Lontar.id – Revisi 155 buku Pendidikan Agama Islam (PAI) segera uji publik, termasuk buku mata pelajaran Al-Quran Hadis, Fiqih, Akidah Akhlak, Sejarah Kebudayaan Islam, dan Bahasa Arab.
Hal itu disampaikan oleh Menteri Agama (Menag) RI, Fachrul Razi, seusai Rapat Kerja tentang Pendahuluan Penetapan BPIH 2020M/1441H di Jakarta, Kamis (28/11/2019).
Melalui rilis tertulis, Fachrul mengatakan, proses review dan revisi ratusan buku PAI tersebut telah melalui beberapa tahapan. Dia berharap, tanggal 20 Desember mendatang sudah bisa uji publik.
Proses revisi itu juga melibatkan seluruh elemen masyarakat.
“Nah ini kita harapkan tanggal 20 nanti sudah siap untuk uji publik, dan di bulan Juli nanti 2020 ini sudah siap dipakai. Baik di Madrasah Ibtidaiyah, Tsanawiyah, maupun Madrasah Aliyah,” ucapnya.
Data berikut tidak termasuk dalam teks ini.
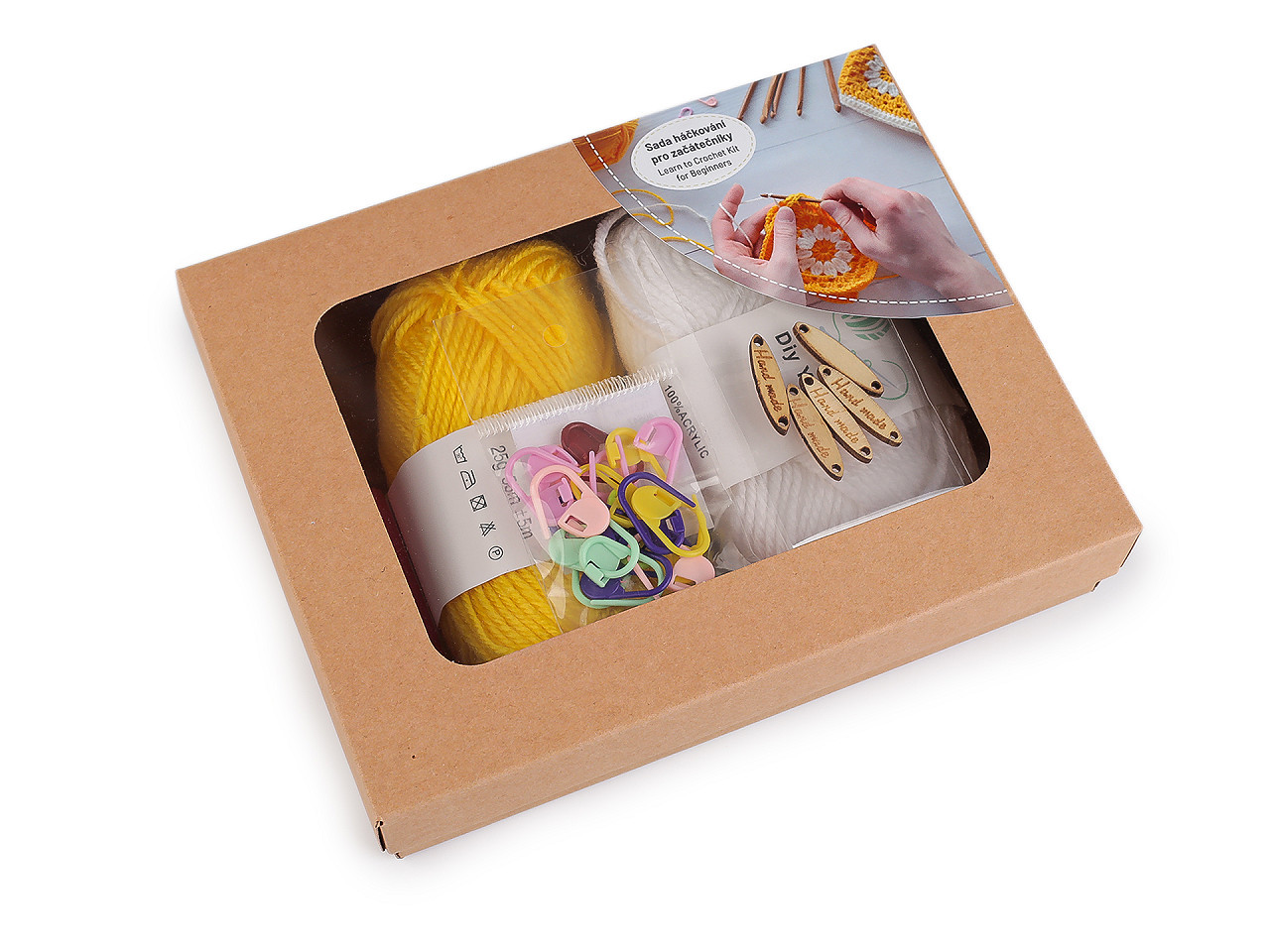 Háčkovací sadu ocení všichni začátečníci. V balení najdete 2 háčky ve velikosti 3,5 a 4 mm, plastové jehly (5 ks), plastové spínací špendlíky (20 ks), dřevěné cedulky "Hand made" (5 ks), příze (4 ks) a návod na základy háčkování.
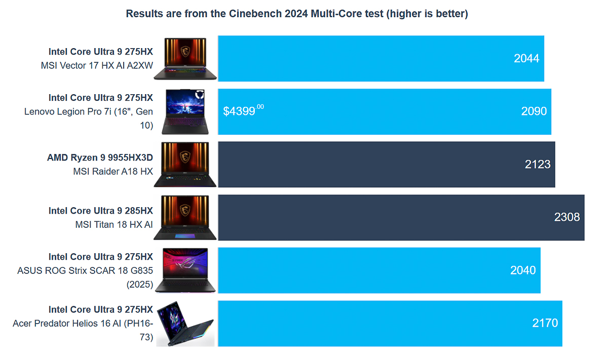 Thử nghiệm hiệu năng dựng đồ họa 3D của Intel Core Ultra 9 275HX với phần mềm Cinebench R24, kết quả cũng tương tự. MSI Vector 17 HX AI A2XW bị các đối thủ vượt mặt không quá nhiều, nhưng một lần nữa đàn anh MSI Titan 18 HX AI lại chiếm ưu thế với Intel Core Ultra 9 285HX.
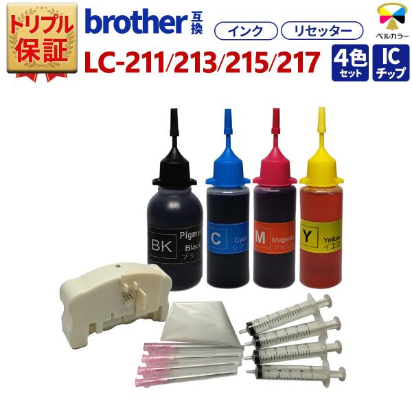 トリプル保証 ブラザー brother 互換 LC211 LC213 LC215 詰め替え 互換インク 4色 ICチップリセッター ベルカラー
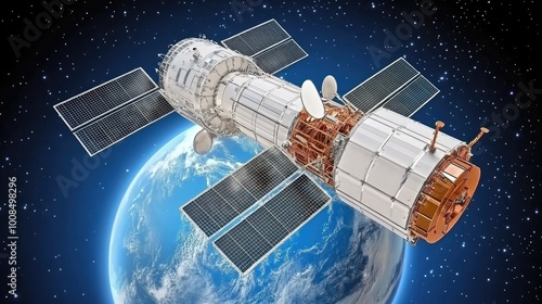 High-tech satellite orbiting the earth, with a backdrop of stars and the blue planet below, symbolizing communication -
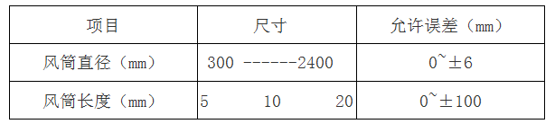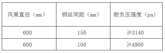 四、風(fēng)筒耐負(fù)壓性能 風(fēng)筒進(jìn)行耐負(fù)壓試驗(yàn)時(shí),其值應(yīng)符合下表:
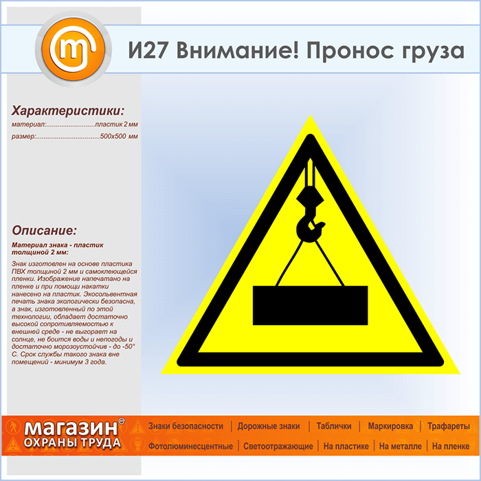 Знак «Внимание! Пронос груза», И27 (пластик, сторона 500 мм) в Верее купить
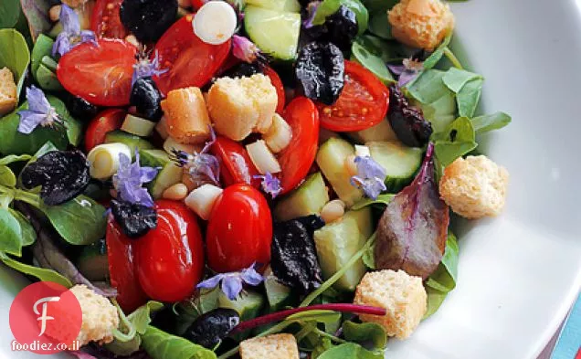 עגבניות, מלפפון ופרחים Borage עשוי להיות התוספת שחיפשתם. ואינו מכיל גלוטן,, חלב חינם, ואת כל 30 מתכון מגיש 1 . מנה אחת מכילה 203 קלוריות, 2 גר' של חלבון, ו 18 גרם שומן. גשו לסופר וקנו עלים, מלפפון, של קרוטונים, ועוד מספר מצרכים כדי להכין את המנה הטעימה הזו. זמן הכנת המתכון כ 45 דקות. נסו עוגת שקדים פיות עם פרחים מסוכרים, הירוקים של Sunset Magazine עם אשכולית ורודה ופרחי בורג', ו רוטב סלט מלפפון Borage (מתכונים דומים).
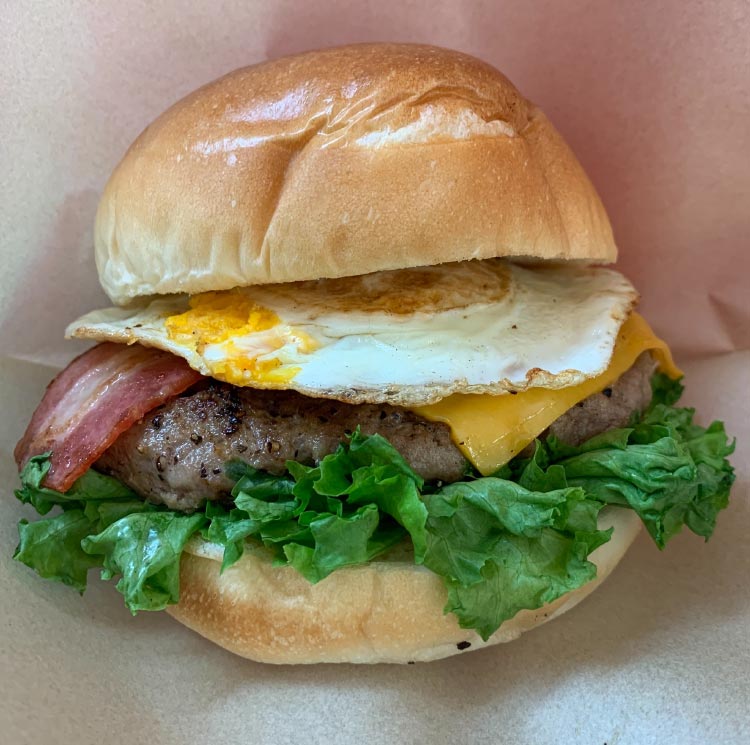 牛肉100%のジューシーパティにこだわりの具材をたくさん詰め込みました。ふわふわバンズとの相性抜群!栄養も満足も満点です。
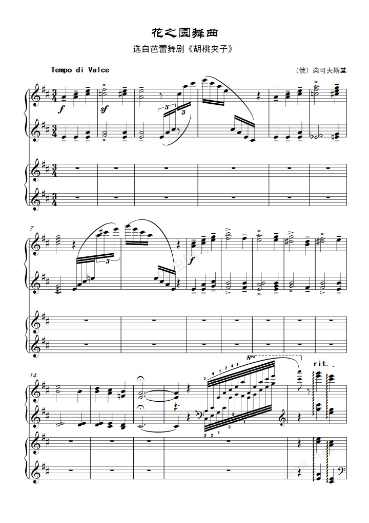 胡桃夹子》是由列夫•伊凡诺夫编导,柴可夫斯基作曲的俄罗斯古典芭蕾舞剧。1892年首演于圣彼得堡玛丽亚剧院。根据霍夫曼的《胡桃夹子与老鼠王》的童话故事改编。舞剧的音乐充满了单纯而神秘的神话色彩,具有强烈的儿童音乐特色。被西方称为“圣诞芭蕾”。讲述了圣诞节,女孩玛丽得到一只胡桃夹子。夜晚,她梦见这胡桃夹子变成了一位王子,领着她的一群玩具同老鼠兵作战。后来又把她带到果酱山,受到梅糖仙子的欢迎,享受了一次玩具、舞蹈和盛宴的快乐的故事。
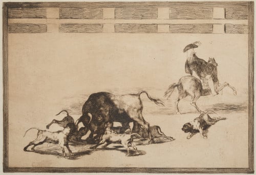 FRANCISCO DE GOYA Y LUCIENTES Fuendetodos, Zaragoza (1746) / Bordeaux (France) (1828) "They throw dogs at the bull"
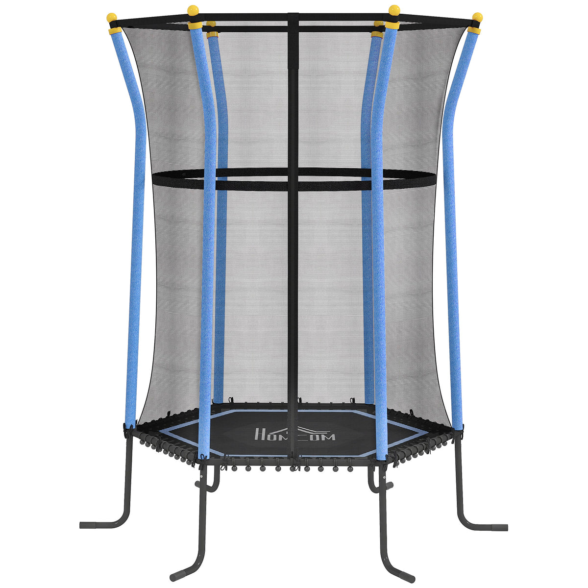 HOMCOM Kids Trampoline Mini Bouncer with Enclosure Safety Net For Ages 3-10 Years - Blue - Blue
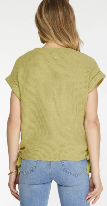 Folded drop sleeve Waffle knit top
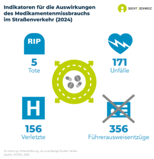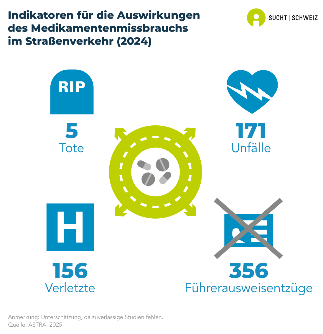 Behandlungen wegen Problemen mit Schlaf- und Beruhigungsmitteln, Auswirkungen des Medikamentengebrauchs auf den Strassenverkehr, Todesfälle.
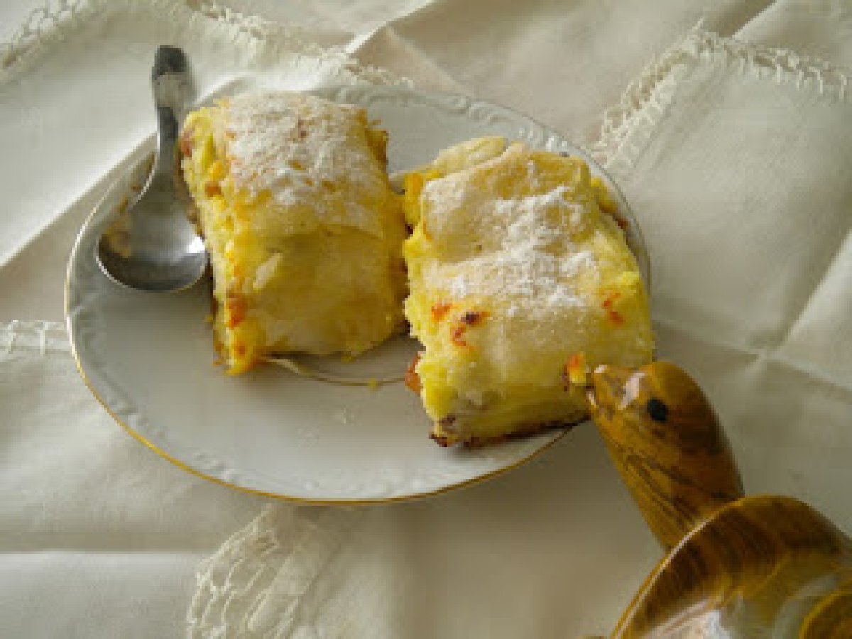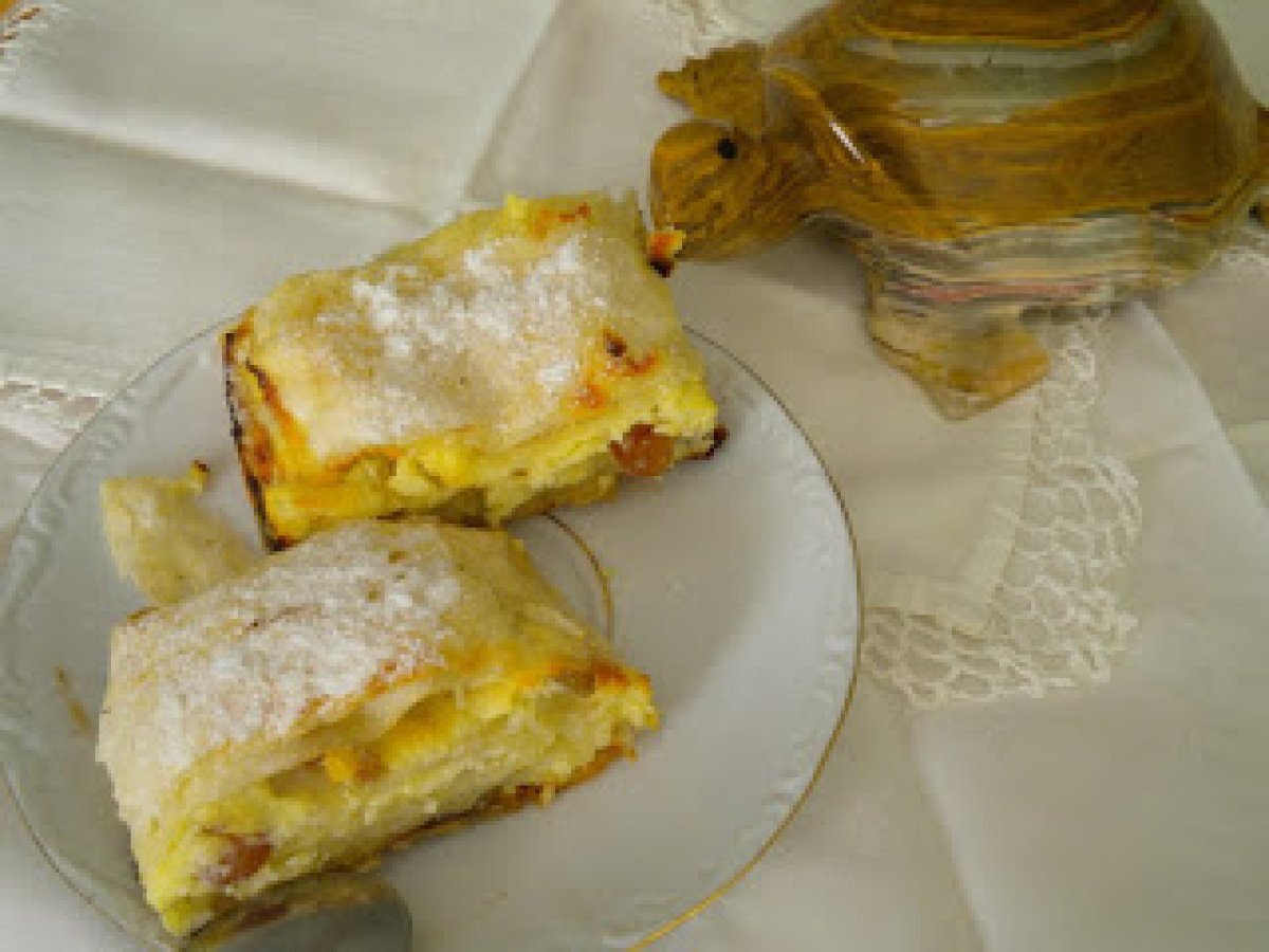 Placinta foietaj cu branza PrecedentulUrmătorul AlteleFoarte ușor40 min Trimite unui prieten Printează pagina Adresează o întrebare autorului Postează o poză cu rețeta gătită de tine Ingrediente 6 un pachet de foi de placinta din comert, un bo de branza de vaci de la piata, de aprox. 5-600 g, 4 oua intregi, 4 linguri pline de zahar, doua maini de stafide, coaja de lamaie si portocala, esenta de rom, zahar vanilat, 100 g unt topit.

Fachrul menambahkan, rencana dan proses revisi tersebut bukan baru dilakukan, tetapi telah dilakukan sebelum dirinya menjabat sebagai Menteri Agama.
“Jadi saya garis bawahi, bukan berarti saya masuk kemudian diubah. Nggak begitu. Itu sudah berlangsung lama,” tegasnya.
Sementara, Sekretaris Jenderal Kemenag, M Nur Kholis Setiawan, menambahkan, revisi buku pelajaran menjadi suatu keharusan, agar dapat menyesuaikan dengan kebutuhan zaman. Dia mencontohkan Filipina.
“Misalnya, kami terinspirasi ketika Filiphina mewajibkan pelajaran Bahasa Arab sejak dia SD, SMP, SMU,” kata Sekjen.
Hasil pendidikan tersebut menghadirkan tenaga kerja-tenaga kerja yang andal berbahasa arab. “Jadi kalau kitab belanja ke Abu Dhabi melihat ada yang berbahasa Arab, itu orang Piliphina. Di sini saya kira perlu dilakukan revisi. Itu salah satu contoh saja,” ujarnya.
Dia juga menjelaskan, kelima mata pelajaran itu memerlukan perhatian dalam pendidikan madrasah. Salah satunya adalah tidak cukup dengan intelektualita, tetapi harus dibalut dengan moralitas.
Bicara Alquran Hadis, kata dia, pasti belajar tentang sumber kebenaran dalam konteks keislaman. Sedangkan belajar Fiqih berarti bicara tentang intelektualitas.
“Bagaimana Fiqih bisa men-drive peserta didik untuk diajak berpikir. Tapi tidak cukup intelektualita, tapi juga harus kita balut dengan moralitas. Karena hanya berpikir tapi tidak punya moralitas kan nggak bener,” paparnya
Sedangkan untuk akidah dan akhlak, menurut Nur Kholis, membutuhkan contoh. Apalagi penting bagi seseorang untuk menjadi pintar dan benar.
“Makanya kemudian ada akidah akhlaq. Nah ini semua kan memerlukan contoh. Contohnya dari mana? Tentunya dari Sejarah Kebudayaan Islam. Lalu mengapa harus bahasa arab? Karena semua kebanyakan ditulis dalam bahasa arab,” tutur Nur Kholis.